As she went to hang up her coat, Taylor Swift’s “Lover” played in the library.

“I’m getting used to that.”

She spent the rest of the day on Anna’s project, shifted briefly to start on a mood board for the next client.

And the evening reading a bit more Poole family history.

It seemed Hester Dobbs escaped from her cell shortly before she was to be hanged for Astrid Poole’s murder, only to leap to her death from the seawall at the manor after Collin Poole’s suicide.

Various tools of witchcraft were found in her cabin.

“That’s cheerful.”

She turned to Connor, Collin’s twin, who’d inherited the manor at his brother’s death.

And by all accounts had lived a happy life, from childhood, through his own marriage—with a big ugly murder and suicide in there. He, too, had expanded the manor, and the business, while producing five children.

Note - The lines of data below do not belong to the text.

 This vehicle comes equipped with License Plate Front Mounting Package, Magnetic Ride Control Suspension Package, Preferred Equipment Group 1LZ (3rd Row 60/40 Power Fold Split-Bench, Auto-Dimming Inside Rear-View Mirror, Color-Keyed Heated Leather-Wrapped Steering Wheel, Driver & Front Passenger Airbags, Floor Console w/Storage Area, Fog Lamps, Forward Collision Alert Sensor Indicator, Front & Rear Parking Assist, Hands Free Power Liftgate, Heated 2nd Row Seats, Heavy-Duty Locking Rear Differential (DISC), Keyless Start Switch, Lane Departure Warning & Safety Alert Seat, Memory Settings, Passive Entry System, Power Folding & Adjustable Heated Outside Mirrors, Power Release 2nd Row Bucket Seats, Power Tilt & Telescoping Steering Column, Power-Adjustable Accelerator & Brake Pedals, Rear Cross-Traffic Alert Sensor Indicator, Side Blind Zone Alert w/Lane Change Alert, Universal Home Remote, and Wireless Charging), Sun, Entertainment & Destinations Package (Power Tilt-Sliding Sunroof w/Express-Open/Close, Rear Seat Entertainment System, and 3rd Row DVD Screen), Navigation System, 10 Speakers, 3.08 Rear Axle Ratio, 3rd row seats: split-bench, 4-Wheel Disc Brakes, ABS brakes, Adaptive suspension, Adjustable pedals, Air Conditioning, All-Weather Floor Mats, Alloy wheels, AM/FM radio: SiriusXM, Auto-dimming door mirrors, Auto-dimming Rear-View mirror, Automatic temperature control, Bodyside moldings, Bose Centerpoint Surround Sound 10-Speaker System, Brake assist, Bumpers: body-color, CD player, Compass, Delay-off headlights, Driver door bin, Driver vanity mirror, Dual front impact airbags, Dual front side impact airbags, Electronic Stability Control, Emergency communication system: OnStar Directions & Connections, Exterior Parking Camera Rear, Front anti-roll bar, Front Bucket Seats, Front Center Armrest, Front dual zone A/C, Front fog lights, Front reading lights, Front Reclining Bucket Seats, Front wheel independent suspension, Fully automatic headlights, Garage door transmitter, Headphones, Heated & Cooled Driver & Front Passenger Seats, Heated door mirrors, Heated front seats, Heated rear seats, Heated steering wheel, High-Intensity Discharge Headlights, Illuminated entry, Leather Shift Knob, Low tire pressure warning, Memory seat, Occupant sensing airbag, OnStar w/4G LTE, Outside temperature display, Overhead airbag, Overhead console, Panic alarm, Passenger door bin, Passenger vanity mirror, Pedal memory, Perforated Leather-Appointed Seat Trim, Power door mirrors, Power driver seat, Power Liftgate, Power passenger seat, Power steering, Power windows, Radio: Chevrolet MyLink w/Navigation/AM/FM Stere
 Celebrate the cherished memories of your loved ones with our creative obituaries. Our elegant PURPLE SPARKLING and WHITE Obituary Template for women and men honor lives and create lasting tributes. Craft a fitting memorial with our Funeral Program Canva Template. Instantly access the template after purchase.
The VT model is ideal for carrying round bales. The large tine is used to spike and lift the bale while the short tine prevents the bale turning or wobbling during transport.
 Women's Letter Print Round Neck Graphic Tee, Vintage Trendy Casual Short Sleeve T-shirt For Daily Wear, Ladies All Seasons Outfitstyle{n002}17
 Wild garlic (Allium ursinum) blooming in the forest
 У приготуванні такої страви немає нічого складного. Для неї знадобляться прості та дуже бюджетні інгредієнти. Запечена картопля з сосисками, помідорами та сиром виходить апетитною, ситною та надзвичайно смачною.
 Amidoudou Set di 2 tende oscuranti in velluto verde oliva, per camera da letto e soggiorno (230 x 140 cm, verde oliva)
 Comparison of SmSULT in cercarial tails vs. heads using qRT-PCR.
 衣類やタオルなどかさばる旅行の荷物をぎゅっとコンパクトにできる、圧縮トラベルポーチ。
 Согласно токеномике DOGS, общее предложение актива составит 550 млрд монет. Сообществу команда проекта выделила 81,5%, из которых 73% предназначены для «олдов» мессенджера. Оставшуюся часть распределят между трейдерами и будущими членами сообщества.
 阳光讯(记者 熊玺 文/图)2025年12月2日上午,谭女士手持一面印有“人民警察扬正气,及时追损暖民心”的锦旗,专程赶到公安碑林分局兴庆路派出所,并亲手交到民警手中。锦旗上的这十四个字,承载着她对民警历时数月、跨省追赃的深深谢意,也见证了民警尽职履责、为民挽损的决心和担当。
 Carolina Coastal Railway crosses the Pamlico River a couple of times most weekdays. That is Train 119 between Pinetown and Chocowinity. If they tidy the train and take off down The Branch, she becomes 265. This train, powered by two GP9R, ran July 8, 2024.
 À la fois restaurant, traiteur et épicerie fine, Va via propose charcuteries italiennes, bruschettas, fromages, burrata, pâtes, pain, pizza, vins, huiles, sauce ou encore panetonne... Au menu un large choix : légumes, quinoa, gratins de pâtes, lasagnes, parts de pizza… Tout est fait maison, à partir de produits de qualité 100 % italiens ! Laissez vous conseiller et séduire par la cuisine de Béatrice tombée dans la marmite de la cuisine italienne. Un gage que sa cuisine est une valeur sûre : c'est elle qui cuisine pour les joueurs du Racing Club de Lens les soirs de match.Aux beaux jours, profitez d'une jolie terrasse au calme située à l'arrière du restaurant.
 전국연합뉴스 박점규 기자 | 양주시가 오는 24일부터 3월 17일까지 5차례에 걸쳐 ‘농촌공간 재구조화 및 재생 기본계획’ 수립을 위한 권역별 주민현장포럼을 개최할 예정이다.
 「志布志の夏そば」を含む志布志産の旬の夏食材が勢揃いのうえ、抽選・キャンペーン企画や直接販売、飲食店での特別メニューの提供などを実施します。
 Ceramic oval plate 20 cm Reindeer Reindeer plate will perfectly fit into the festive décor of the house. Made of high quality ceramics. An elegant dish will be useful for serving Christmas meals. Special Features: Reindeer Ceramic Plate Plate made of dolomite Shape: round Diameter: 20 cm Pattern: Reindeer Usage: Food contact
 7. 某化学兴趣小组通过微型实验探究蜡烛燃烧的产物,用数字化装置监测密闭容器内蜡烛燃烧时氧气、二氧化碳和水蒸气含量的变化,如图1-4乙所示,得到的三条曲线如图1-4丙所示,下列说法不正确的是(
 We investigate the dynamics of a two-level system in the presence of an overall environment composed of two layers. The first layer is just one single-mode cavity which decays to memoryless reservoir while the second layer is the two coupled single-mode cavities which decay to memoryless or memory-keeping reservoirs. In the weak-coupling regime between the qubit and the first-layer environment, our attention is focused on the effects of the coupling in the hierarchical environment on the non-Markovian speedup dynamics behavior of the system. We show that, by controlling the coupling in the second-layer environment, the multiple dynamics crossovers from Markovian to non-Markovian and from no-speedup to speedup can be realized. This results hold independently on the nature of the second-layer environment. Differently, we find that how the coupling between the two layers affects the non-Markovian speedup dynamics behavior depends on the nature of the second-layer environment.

One of which, she noted, had died on her wedding day.

Just creepy.

Yet he’d died at the age of seventy-two, in his own bed, surrounded by his wife, their surviving children, and his grandchildren.

She decided to end the night’s reading on that happy note.

She then binge-watched three episodes of a new Netflix series and called it a night.

“Situation normal,” she murmured as she slipped into bed, and into sleep.

The clock chiming three didn’t wake her, nor did the creaks of doors, or the drifting music, or a woman’s heartbroken sobs.

PART TWO

The Manor

All houses wherein men have lived and died

are haunted houses.

—Henry Wadsworth Longfellow, “Haunted Houses”

Chapter Eleven

She rolled through the next few days. Maybe she used tunnel vision more than once, but she rolled through. And with the start-up catering company having signed the contract, she had plenty to roll through.

On a Saturday morning, armed with her phone and a flashlight—just in case—she went through the servants’ passageway. The stairs creaked on the way down, but the light showed the way, so she stuck the flashlight in her back pocket.

She couldn’t imagine herself sitting alone in the media room. Not that it wasn’t nice, she observed as she wandered it. Cozy in its way, with big, comfortable chairs and a huge screen.

He’d even put in a little bar. Maybe he’d stocked it with drinks and snacks.

Had Collin sat there, alone in the big, empty house, going into the worlds on-screen? Had he laughed at comedies, felt his pulse quicken at a thriller?

Had he munched on popcorn and watched old favorites as she often did?

So odd, she thought, to have never known him, and see clearly they’d had things in common. A love and talent for art, a love of stories—books, movies. An appreciation for rambling old houses steeped in history and character.

Would the brothers, if they’d had the chance, have bonded? Would there have been shared holidays? Family jokes?

The longer she lived in the house, the more she thought yes. She’d never know for certain, but she felt yes. They’d have become family, even if they’d met as grown men.